The Holy Cross Church (N. Low Saxon: Hilligkrüüzkark; Heilig-Kreuz-Kirche, more formal also: Kirche zum Heiligen Kreuz) is the church of the Neuenwalde Convent. Convent and Holy Cross Church are owned by the Bremian Knighthood, based in Stade. However, church and parsonage (also part of the Convent property), are used per usufruct by the Lutheran Neuenwalde Congregation in Neuenwalde, a locality of Geestland, Lower Saxony, Germany. Besides the Holy Cross Church, only used, the congregation uses and owns the chapel in Hymendorf.

==History==
After the Convent had moved from Wolde, present Altenwalde, new church and convent buildings were erected on a land spit in the midst of fens at the brink of the Wesermünde Geest, presently known as Neuenwalde. The church adopted its naming from the Holy Cross, a relic of which remained in the incorporated Chapel of the Holy Cross and St. Willehadus on the Mount (i.e. hill; est. 13th century, abandoned between 1590 and 1629) in Altenwalde. Since 1181, and on until 1648, the area formed part of the Prince-Archbishopric of Bremen. Neuenwalde was made a parish of its own and its precinct was redistricted from that of the St. Dionysius parish in Debstedt. The convent Church of the Holy Cross thus simultaneously served as parish church for the Neuenwalders.

On 30 November 1390 the convent received a papal indulgence, presumably for repairs to the Holy Cross Church. In 1400 Prince-Archbishop Otto II granted an indulgence of forty days to all who aided with new constructions with the Holy Cross Church. In 1428 Prince-Archbishop Nicholas renewed the convent's privilege of granting indulgences both for visiting the Holy Cross Church on certain feast days as well as for material aid in building and decorating it.

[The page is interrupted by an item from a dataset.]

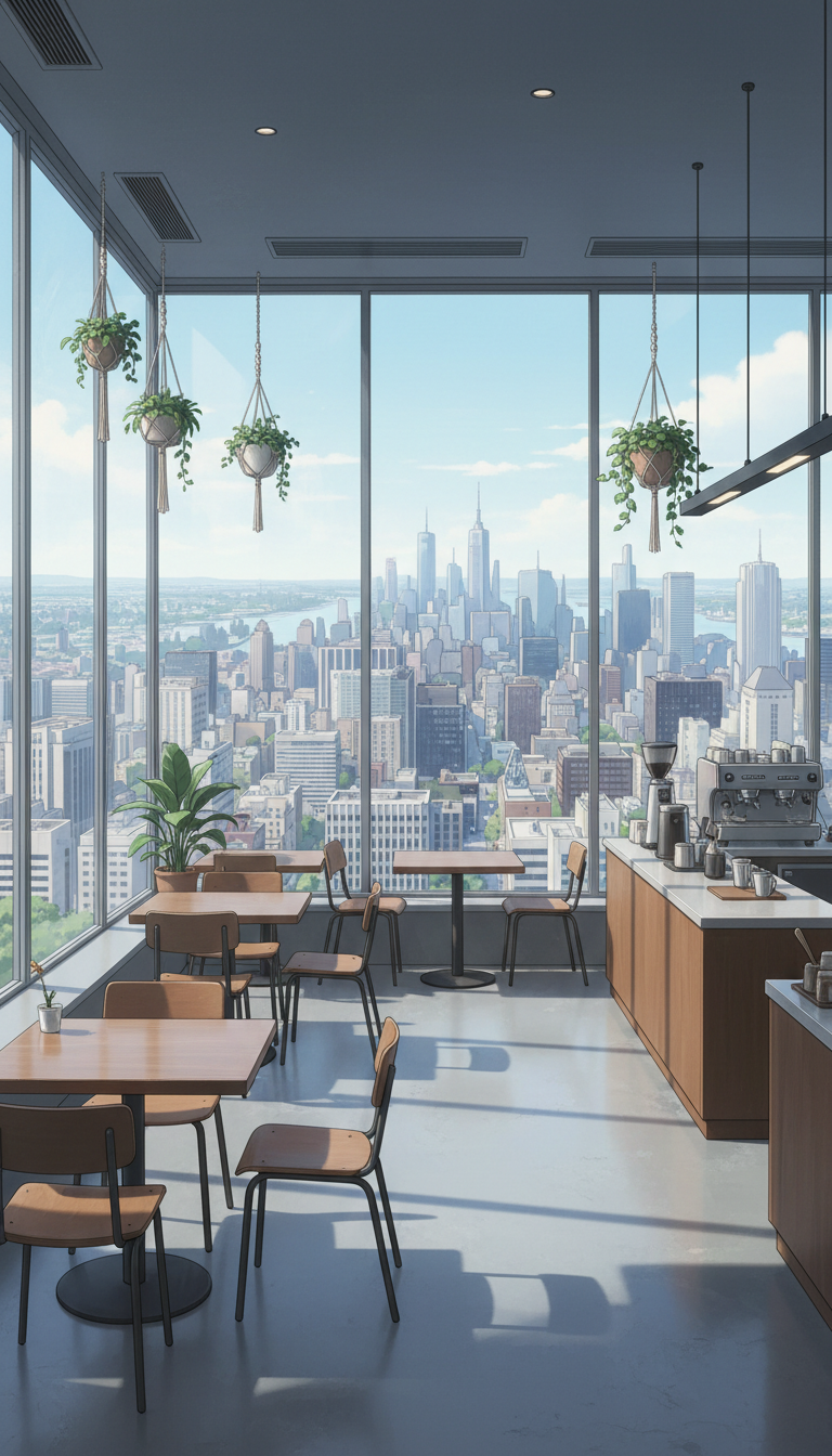 高層ビルの眺望カフェ|窓辺に広がるシティビュー

On 26 December 1499 the Wursten Frisians had defeated the Great or Black Guard in Weddewarden, hired by Hadeln's Regent Magnus, the heir apparent of Saxe-Lauenburg to subject them. On New Year's Day 1500, the surviving mercenaries — trekking on towards Saxe-Lauenburgian Hadeln — ravaged and plundered the nunnery, before burning it to ashes. Choirbooks, documents, tapestries, chasubles, and paraments were lost in the fire. In 1503 the papal legate, Cardinal Raymond Peraudi, granted the convent an indulgence-privilege allowing for the reconstruction of the cloister.

In 1584 the first Lutheran pastor is recorded for the Holy Cross Church. Since the preachers were to be appointed in consensus with the prioress, the employment of a Lutheran pastor indicates the conversion of most Neuenwalde nuns to Lutheranism by then. With their advowson the prioresses blocked the intention of Bremen's Bederkesa bailiffs (the Bailiwick of Bederkesa [Amt Bederkesa] being between 1381/1421 and 1654 under the city's rule) to install Reformed preachers, unlike in Bederkesa proper, Debstedt, Flögeln, Holßel, Lehe, and Ringstedt (St. Fabian Church, Ringstedt) where the conversion then succeeded.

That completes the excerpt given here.